──────── DATA TO USE ────────

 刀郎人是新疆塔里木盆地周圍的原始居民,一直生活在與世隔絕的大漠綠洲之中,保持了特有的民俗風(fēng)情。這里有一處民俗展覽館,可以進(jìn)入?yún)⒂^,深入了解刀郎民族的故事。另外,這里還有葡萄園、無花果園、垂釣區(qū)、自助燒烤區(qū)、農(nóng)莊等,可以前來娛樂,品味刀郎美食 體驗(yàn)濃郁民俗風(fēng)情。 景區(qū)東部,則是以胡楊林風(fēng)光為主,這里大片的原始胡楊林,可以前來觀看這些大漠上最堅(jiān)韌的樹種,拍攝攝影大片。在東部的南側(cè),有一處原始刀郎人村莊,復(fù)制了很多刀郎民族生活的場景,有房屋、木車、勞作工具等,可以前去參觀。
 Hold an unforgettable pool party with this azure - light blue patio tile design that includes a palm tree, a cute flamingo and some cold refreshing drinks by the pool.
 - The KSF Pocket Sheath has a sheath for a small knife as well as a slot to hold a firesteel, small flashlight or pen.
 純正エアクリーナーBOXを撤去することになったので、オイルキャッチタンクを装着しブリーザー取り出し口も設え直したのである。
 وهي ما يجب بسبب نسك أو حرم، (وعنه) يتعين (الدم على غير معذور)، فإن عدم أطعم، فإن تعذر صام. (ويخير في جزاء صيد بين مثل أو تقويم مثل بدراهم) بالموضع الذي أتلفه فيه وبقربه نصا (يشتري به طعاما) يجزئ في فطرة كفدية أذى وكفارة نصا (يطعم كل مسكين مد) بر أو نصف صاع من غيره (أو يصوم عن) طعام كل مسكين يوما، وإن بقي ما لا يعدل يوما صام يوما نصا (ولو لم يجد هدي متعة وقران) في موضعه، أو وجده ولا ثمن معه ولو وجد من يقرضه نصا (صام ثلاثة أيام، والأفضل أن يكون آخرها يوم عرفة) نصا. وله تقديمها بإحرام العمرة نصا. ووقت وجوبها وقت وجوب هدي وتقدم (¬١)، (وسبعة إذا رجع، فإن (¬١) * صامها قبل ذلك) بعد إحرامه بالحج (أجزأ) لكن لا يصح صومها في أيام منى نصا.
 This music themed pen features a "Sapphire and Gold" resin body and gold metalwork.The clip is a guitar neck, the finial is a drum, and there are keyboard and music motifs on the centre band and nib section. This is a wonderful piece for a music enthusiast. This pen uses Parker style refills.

────────

● **TASK INSTRUCTIONS**: The entries shown above must be restated word for word.

● **ANSWER TO THIS EXERCISE**:
 刀郎人是新疆塔里木盆地周圍的原始居民,一直生活在與世隔絕的大漠綠洲之中,保持了特有的民俗風(fēng)情。這里有一處民俗展覽館,可以進(jìn)入?yún)⒂^,深入了解刀郎民族的故事。另外,這里還有葡萄園、無花果園、垂釣區(qū)、自助燒烤區(qū)、農(nóng)莊等,可以前來娛樂,品味刀郎美食 體驗(yàn)濃郁民俗風(fēng)情。 景區(qū)東部,則是以胡楊林風(fēng)光為主,這里大片的原始胡楊林,可以前來觀看這些大漠上最堅(jiān)韌的樹種,拍攝攝影大片。在東部的南側(cè),有一處原始刀郎人村莊,復(fù)制了很多刀郎民族生活的場景,有房屋、木車、勞作工具等,可以前去參觀。
 Hold an unforgettable pool party with this azure - light blue patio tile design that includes a palm tree, a cute flamingo and some cold refreshing drinks by the pool.
 - The KSF Pocket Sheath has a sheath for a small knife as well as a slot to hold a firesteel, small flashlight or pen.
 純正エアクリーナーBOXを撤去することになったので、オイルキャッチタンクを装着しブリーザー取り出し口も設え直したのである。
 وهي ما يجب بسبب نسك أو حرم، (وعنه) يتعين (الدم على غير معذور)، فإن عدم أطعم، فإن تعذر صام. (ويخير في جزاء صيد بين مثل أو تقويم مثل بدراهم) بالموضع الذي أتلفه فيه وبقربه نصا (يشتري به طعاما) يجزئ في فطرة كفدية أذى وكفارة نصا (يطعم كل مسكين مد) بر أو نصف صاع من غيره (أو يصوم عن) طعام كل مسكين يوما، وإن بقي ما لا يعدل يوما صام يوما نصا (ولو لم يجد هدي متعة وقران) في موضعه، أو وجده ولا ثمن معه ولو وجد من يقرضه نصا (صام ثلاثة أيام، والأفضل أن يكون آخرها يوم عرفة) نصا. وله تقديمها بإحرام العمرة نصا. ووقت وجوبها وقت وجوب هدي وتقدم (¬١)، (وسبعة إذا رجع، فإن (¬١) * صامها قبل ذلك) بعد إحرامه بالحج (أجزأ) لكن لا يصح صومها في أيام منى نصا.
 This music themed pen features a "Sapphire and Gold" resin body and gold metalwork.The clip is a guitar neck, the finial is a drum, and there are keyboard and music motifs on the centre band and nib section. This is a wonderful piece for a music enthusiast. This pen uses Parker style refills.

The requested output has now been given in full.